(MENAFN - The Peninsula) The Supreme Council of Health (SCH) said yesterday that there were no new cases of MERS - Middle East Respiratory Syndrome - in Qatar but advised people to take precautions while dealing with camels.
The specialised laboratory at Hamad Medical Corporation (HMC) conducted tests on some 14,000 samples collected from humans and animals across the country as part of a nationwide survey on the disease.
Until now, nine confirmed cases of MERS have been detected in humans in the country and five of them have died.
Citing a recent survey, SCH there were more chances of people handling camels getting infected.
SCH will soon launch a campaign to raise awareness about the issue.
However, the risk of people dealing with camels getting infected by MERS is not a cause for fear as the disease wouldn't get severe.
A pilot survey by SCH and the Ministry of Environment says people once affected by MERS are immune to the infection.
The survey, in collaboration with World Health Organisation (WHO) and Erasmus Medical Centre in the Netherlands, was conducted to understand how MERS corona virus spreads, who is at the risk of being infected, and who actually get infected.
"Among people we examined, around 20 dealing with camels had signs of past infection, but very mild," Dr Mohammed Al Hajri, Head of Communicable Diseases Control Section, SCH, told a press conference held to discuss survey findings.
MERS cases are prevailing in camels in Qatar and evidence of virus has been found from camels from different locations.
The virus most frequently spreads from nasal secretions, but about 20 percent of virus-positive animals also shed virus from faeces, according to the survey.
"Some camels in Qatar have been found infected," said Dr Al Hajri, but did not disclose the number of cases.
However, the survey has not found if the detection of Ribonucleic acid (RNA) of the viral has a direct risk to human health, as it's not known if infectious virus is present in animal secretion, on carcasses or in the milk.
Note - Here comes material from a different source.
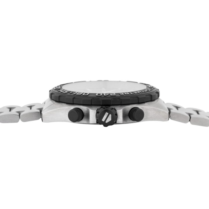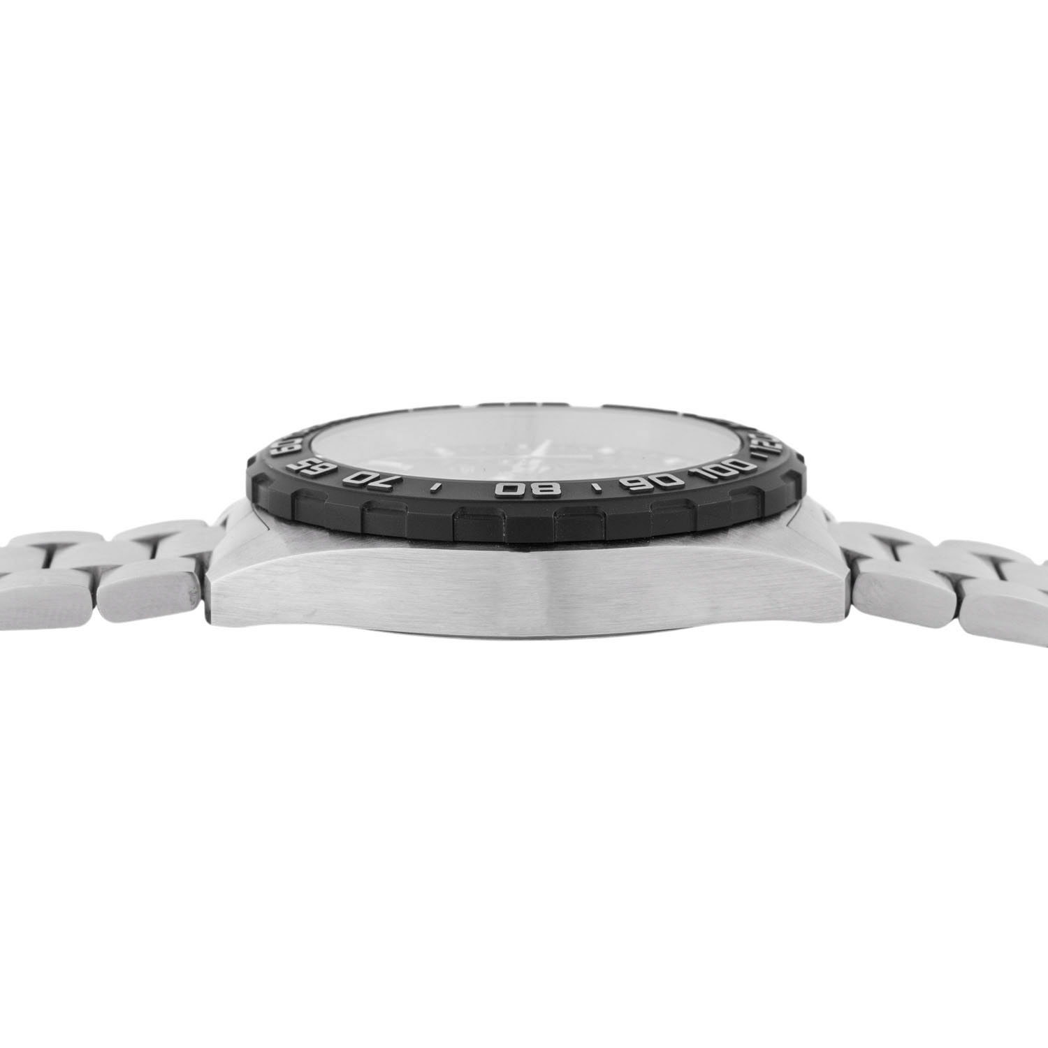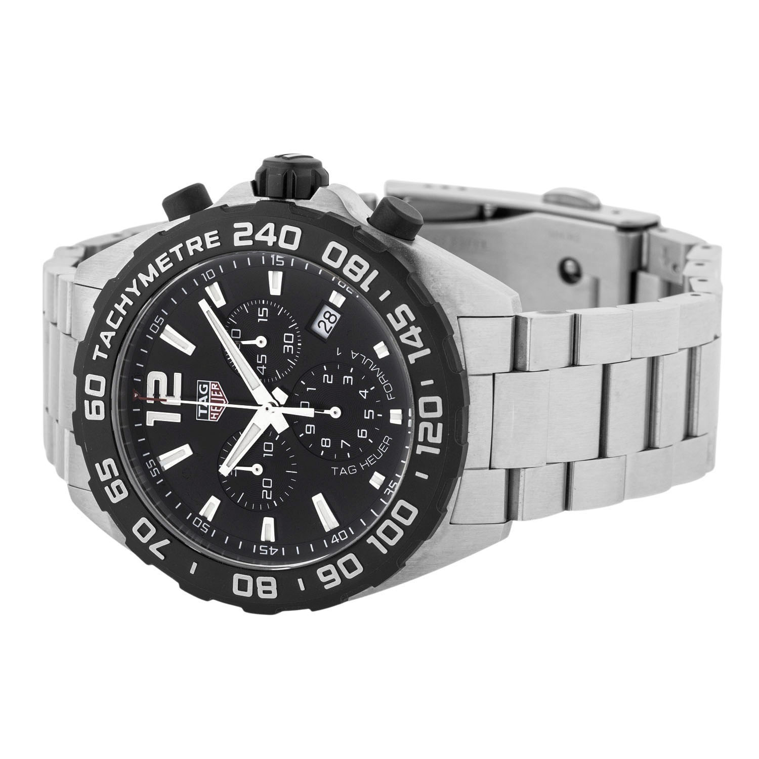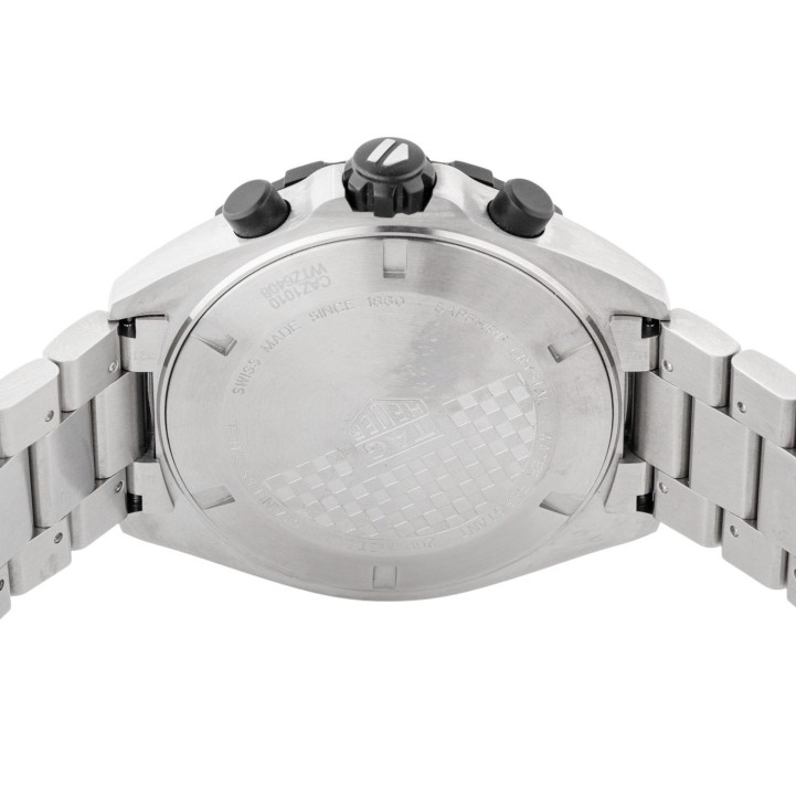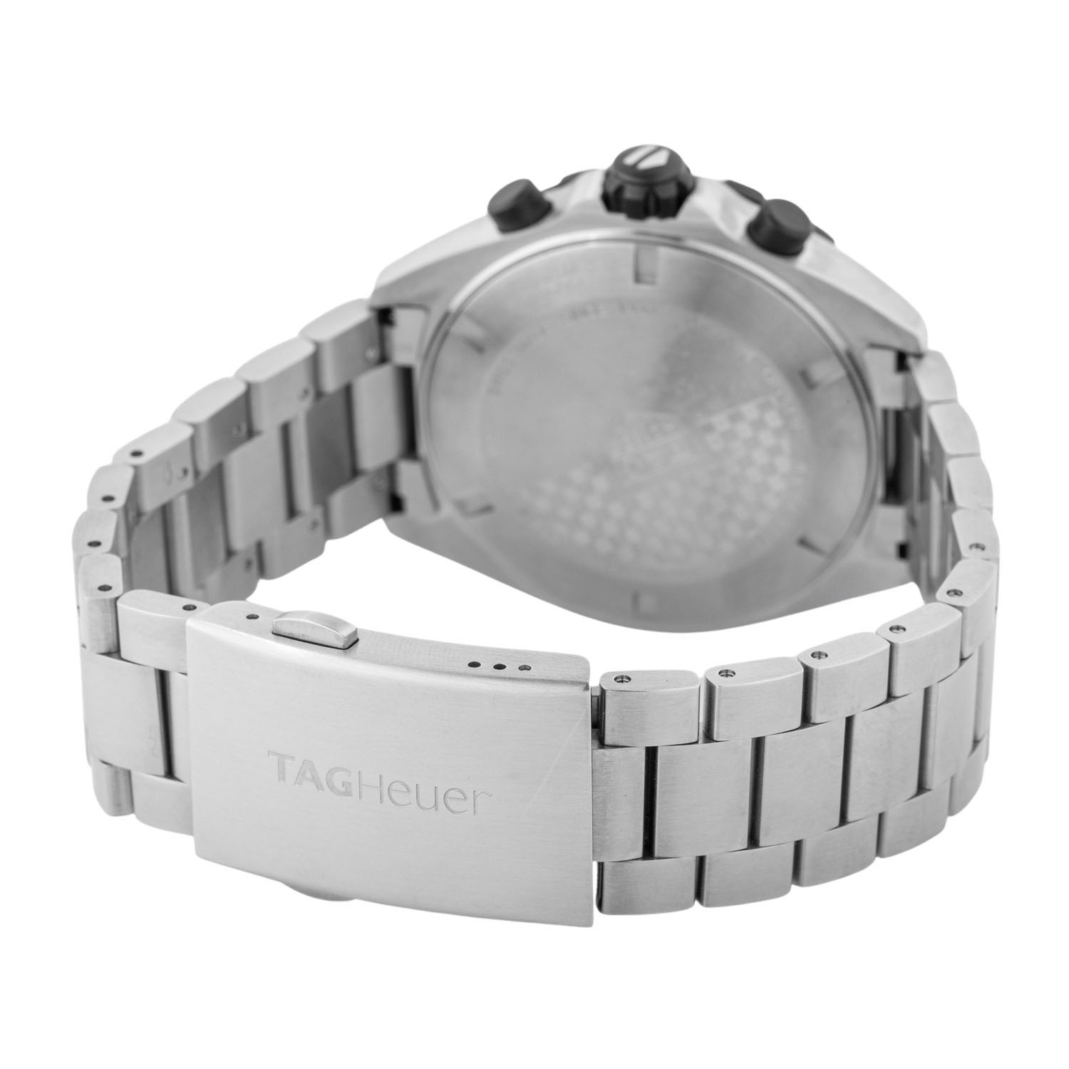 Edelstahl. Seriennummer WTZ6408. Quarzwerk in funktionsfähigem Zustand. Neue Batterie. Schwarzes Zifferblatt mit aufgesetzten Indizes, 3 Totalisatoren, kleiner Sekunde und Datumsanzeige bei 4 Uhr. Tachymeter Lünette. Guter Zustand mit leichten Tragespuren. Original Box, Anleitung, Tag Heuer Garantiekarte, Mikrofasertuch, Lieferschein, Rechnung vom April 2024 und Zertifikat (Karte) von Chronext anbei. Durchmesser ca. 43 mm (gemessen ohne Krone). Passend bis zu ca. 21,5 cm Handgelenkumfang.

Based on the findings of the survey, experts have advised people to take care of their personal hygiene and have properly cooked camel meet and milk.
Several preventive measures have been taken by SCH in coordination with WHO. They include being prepared to monitor suspected cases and take steps to prevent infection at all healthcare facilities.
People working at camel farms and slaughterhouses are advised to have good personal hygiene, with frequent hand washing after touching animals, facial protection as far as possible and to wear protective clothing, which should be removed after work and washed daily.
Workers are also advised to avoid exposing family members to work clothing, shoes, or other items that may have been exposed to camels or camel excretions.
Sick animals are not allowed to be slaughtered for consumption; in cases a particular animal has been tested positive for MERS, people should avoid direct contact with such animals.
Meanwhile, the GCC states have agreed to test camels for MERS when they are imported.
Camels will not be allowed to cross the border except those that have segments of tariff brackets and passports passage.
Therefore, no ban has been imposed on camel imports to Qatar from the other GCC states. But all camels arriving in Qatar are tested for MERS.
Any camel found with infection will be isolated for 30 days and re-examined. However, the Ministry of Environment has imposed a ban on camel imports from countries outside the GCC.
In December 2013, three camels were tested positive for MERS in Qatar. Between November 2013 and May 2014, nine people, including six Qataris, were found to be infected. Currently, no one is being treated for MERS in Qatar.